Playing 'musical pews'
American religion is filled with conversion, reversion and aversion
America is a country on the move in innumerable ways, and religion is no exception. Half of Americans have changed their religious denomination at least once in their lives — many several times — and 28 percent have switched faiths altogether (for example, from Christianity to Judaism). Amid this fluidity, the number of "unaffiliated" adults has grown to 16 percent of the population.
What is behind such extraordinary "churn" in U.S. religious life? As a follow-up to its pathbreaking 2007 survey of the American religious landscape, the Pew Forum on Religion & Public Life released a new survey Monday — "Faith in Flux" — that explores in depth the patterns and reasons for such remarkable change.
"We do not see a kind of principled, fundamental rejection of a religious world view," says Greg Smith, a Pew researcher.
At the same time, 55 percent say they became unaffiliated because they found religious people hypocritical and judgmental. Many view religion as too focused on rules and not enough on spirituality.

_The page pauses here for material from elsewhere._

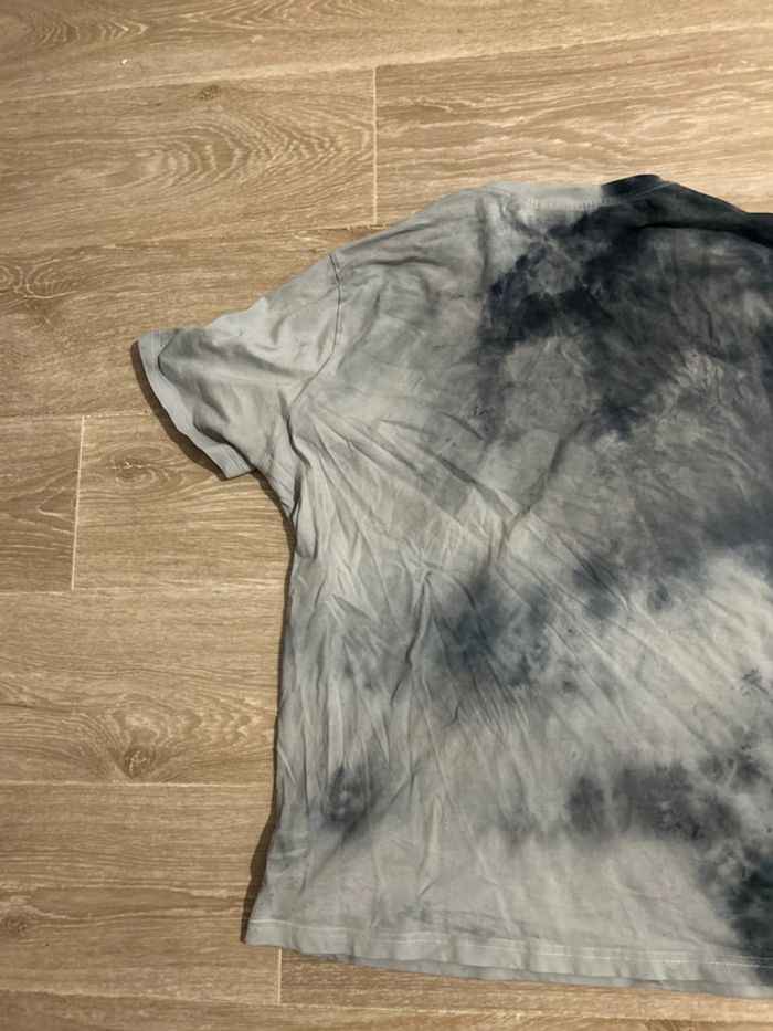 Bonjour, je vous propose ce T-shirt en bon état mais utilisé j’ai essayé de le reteindre en noir il est ressorti comme ça. Trop petit pour moi, je le mets en vente.
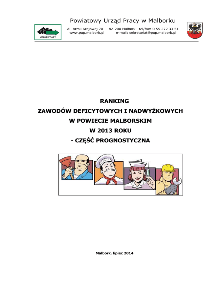 Powiatowy Urząd Pracy w Malborku Al. Armii Krajowej 70 www.pup.malbork.pl 82-200 Malbork tel/fax: 0 55 272 33 51 e-mail: [email protected] RANKING ZAWODÓW DEFICYTOWYCH I NADWYŻKOWYCH W POWIECIE MALBORSKIM W 2013 ROKU - CZĘŚĆ PROGNOSTYCZNA Malbork, lipiec 2014 SPIS TREŚCI CZĘŚĆ PROGNOSTYCZNA 1. Absolwenci szkół ponadgimnazjalnych w powiecie malborskim 1.1 1.2 Strona 3 Absolwenci roku szkolnego 2012/2013 i osoby bezrobotne wg stanu na 31.12.2013 r. 3 Przewidywani absolwenci roku szkolnego 2013/2014 6 2. Wnioski do części prognostycznej 9 Spis tabel 9 2 1 Absolwenci szkół ponadgimnazjalnych w powiecie malborskim. Ministerstwo Pracy i Polityki Społecznej w Warszawie w celu usprawnienia pracy nad raportem rocznym pozyskało z Ministerstwa Edukacji Narodowej, dane dotyczące absolwentów, którzy ukończyli szkołę ponadgimnazjalną w roku 2013 oraz przewidywanej liczby absolwentów w roku 2014 na poziomie powiatów. Powyższe dane zostały umieszczone w SI SYRIUSZ. Powiatowy Urząd Pracy w Malborku w oparciu o tabele wynikowe wygenerowane przy użyciu powyższej aplikacji opracował II część raportu „Ranking zawodów deficytowych i nadwyżkowych w powiecie malborskim w 2013 roku”. Prezentowane dane i poniższa analiza nie uwzględniają szkół dla dorosłych. 1.1 Absolwenci roku szkolnego 2012/2013 i osoby bezrobotne wg stanu na 31.12.2013 roku. W 2013 roku szkoły ponadgimnazjalne z terenu powiatu malborskiego ukończyło 831 osób, z czego 294 osoby zarejestrowane było na dzień 31.12.2013 roku w Powiatowym Urzędzie Pracy w Malborku jako osoby bezrobotne, co stanowiło 35,38% absolwentów szkół. Tabela 1. Liczba absolwentów szkół powiatu malborskiego oraz zarejestrowanych wg stanu na 31.12.2013 r. Absolwenci, Bezrobotni którzy absolwenci Kod Nazwa szkoły Nazwa zawodu ukończyli zarejestrowani zawodu szkołę w w PUP w końcu roku 2013 roku 2013 Szkoły średnie techniczne (technika, licea zawodowe) ogółem Technikum Nr 2 w Malborku Państwowa Szkoła Muzyczna I stopnia w Malborku 64 "311204" Technik drogownictwa Technik architektury "311303" krajobrazu "311408" Technik elektronik "311504" Technik mechanik "311918" Technik poligraf "315317" Technik mechanik lotniczy 16 "343602" Muzyk 3 24 12 7 9 6 20 5 7 11 3 2 2 4 0 Liceum Plastyczne w "343204" Plastyk Malborku ogółem "343403" Technikum nr 3 w Malborku 14 4 158 76 Technik organizacji usług gastronomicznych 23 11 "422402" Technik hotelarstwa 27 7 "331403" Technik ekonomista 21 10 28 14 "351203" Technik informatyk 37 18 "333107" Technik logistyk 22 16 "422103" Technik obsługi turystycznej Licea ogólnokształcące IV Liceum Ogólnokształcące w Malborku I Liceum Ogólnokształcące w Malborku Publiczne Katolickie Liceum Ogólnokształcące w Malborku II Liceum Ogólnokształcące w Malborku "000000" Bez zawodu 123 22 "000000" Bez zawodu 181 12 "000000" Bez zawodu 23 6 "000000" Bez zawodu 97 24 129 91 Zasadnicze szkoły zawodowe ogółem "512002" Kucharz małej gastronomii Zasadnicza Szkoła Zawodowa Nr 1 w Malborku 41 33 "514101" Fryzjer 8 8 "711202" Murarz "722204" Ślusarz 1 2 1 0 32 25 1 8 2 4 1 2 6 1 1 5 0 2 1 0 6 0 "723103" "732201" "711202" "721306" "751201" "751204" "752205" "522301" "732301" Mechanik pojazdów samochodowych Drukarz Murarz Blacharz samochodowy Cukiernik Piekarz Stolarz Sprzedawca Introligator 4 Mechanik - monter maszyn i urządzeń "742102" Monter - elektronik "723310" Zasadnicza Szkoła Zawodowa Nr 5 Specjalna w Malborku ogółem Zasadnicza Szkoła Zawodowa nr 3 w Malborku ogółem 9 3 11 6 6 2 "752205" Stolarz 4 0 "753105" Krawiec 2 2 20 "522301" Sprzedawca 5 20 Razem 831 5 294 Prezentowane powyżej dane wskazują, że najwięcej osób w 2013 roku ukończyło szkoły średnie ogólnokształcące - 424 osoby, z tego 64 zarejestrowane były jako osoby bezrobotne wg stanu na dzień 31.12.2013r. Drugą grupą pod względem liczebności były osoby z wykształceniem średnim zawodowym. W kierunku tym, szkołę ukończyło 252 absolwentów, spośród których 76 osób znajdowało się w ewidencji PUP w Malborku na 31.12.2013 roku. Analizując dane z tabel wynikowych można stwierdzić, że najwięcej osób ukończyło szkoły w następujących zawodach: Tabela 2. Liczba absolwentów wg zawodów o najwyższym poziomie (powyżej 10 osób) w powiecie malborskim Kod zawodu Absolwenci, którzy ukończyli szkołę na terenie powiatu w roku 2013 Nazwa zawodu Bezrobotni absolwenci zarejestrowani w PUP w końcu roku 2013 "512002" Kucharz małej gastronomii* 41 33 "351203" "723103" Technik informatyk* Mechanik pojazdów samochodowych* 37 32 18 25 "422103" "422402" "522301" 28 27 26 14 7 11 "343403" Technik obsługi turystycznej* Technik hotelarstwa* Sprzedawca* Technik organizacji usług gastronomicznych* 23 11 "333107" Technik logistyk* 22 16 "331403" "311408" Technik ekonomista* Technik elektronik* 21 20 10 3 "343602" Muzyk* 16 0 5 "343204" Plastyk* 14 4 "311206" Technik drogownictwa* 12 7 "742102" Monter - elektronik* 11 6 Jak wynika z powyższych danych, najliczniejszą grupę stanowili absolwenci w zawodzie „Kucharz małej gastronomii”. Drugą co do wielkości grupą, były osoby w zawodzie „Technik informatyk”. Należy zauważyć, że wśród absolwentów zarejestrowanych na dzień 31.12.2013r. były osoby, które ukończyły szkoły ponadgimnazjalne poza powiatem malborskim: • Technikum Zawodowe w Elblągu - 4 osoby, • Technikum Zawodowe Suwałki - 2 osoby, • Technikum Wolin - 2 osoby, • Technikum nr 2 w Tczewie – 4 osoby, • Technikum nr 4 w Tczewie - 4 osoby, • Technikum Hotelarskie w Elblągu - 2 osoby, • Technikum Obsługi Turystycznej w Nowym Dworze Gdańskim - 4 osoby, • Zasadnicza Szkoła Zawodowa w Swarożynie - 2 osoby, • Zasadnicza Szkoła Zawodowa nr 1 Barlewiczki - 2 osoby, • Zasadnicza Szkoła Zawodowa nr 2 w Tczewie – 6 osób, • Zasadnicza Szkoła Zawodowa nr 5 Puławy - 2 osoby, • Zasadnicza Szkoła Zawodowa w Nowym Dworze Gdańskim - 2

For Candace Talmadge, a writer from Texas who grew up in a mixed-faith family, an unhappy experience in Sunday school set her on a path away from regular church attendance.
"When a little girl has a Jewish grandparent and the teacher says Jews are going to hell, it's not conducive to a sense of belonging," Talmadge explains. She stopped going to church as soon as she could and eventually found her own spiritual path.
"I do believe in God, and our spirituality is inherent in who we are," she says. "Religion is man-made dogma … Spirituality is God-made. Spiritual practice for me is very individualized."
The survey also finds that some 7 percent of Americans were raised without a religious affiliation, but most of them have become religious: Forty percent are Protestant, 6 percent Catholic, and 9 percent in another faith. Among the reasons they give for joining are the enjoyment of worship services and their sense of being spiritually unfulfilled while unaffiliated. Half said they felt called by God to join a religious community.
When asked to explain in their own words the main reason for leaving the Catholic Church, about half cite a disagreement with the church's religious or moral beliefs. For those now unaffiliated, about half were unhappy about birth control, 56 percent about teachings on abortion and homosexuality, and 40 percent about the treatment of women.
Mandy Burrell Booth, who works for a nonprofit group in Chicago, grew up in Catholic schools but began questioning what she was taught during college.